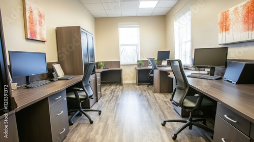 The office is equipped with multiple workstations, each featuring a computer, chair, and personal storage.
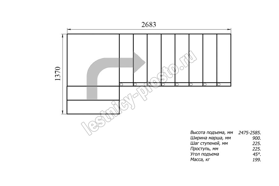 Модульная лестница Статус 225 2475-2585, Белый, Сосна, Нержавеющая сталь
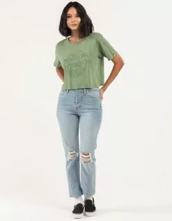 Salty Crew Go Fish Crop Tee. Graphic on front. Ribbed crew neckline. Short sleeves. Crop hem. 100% Cotton. Machine wash. Imported.

(The problem)
Write the listing out exactly, apart from its pictures.

(Solved problem)
 The office is equipped with multiple workstations, each featuring a computer, chair, and personal storage.
 Модульная лестница Статус 225 2475-2585, Белый, Сосна, Нержавеющая сталь
 Salty Crew Go Fish Crop Tee. Graphic on front. Ribbed crew neckline. Short sleeves. Crop hem. 100% Cotton. Machine wash. Imported.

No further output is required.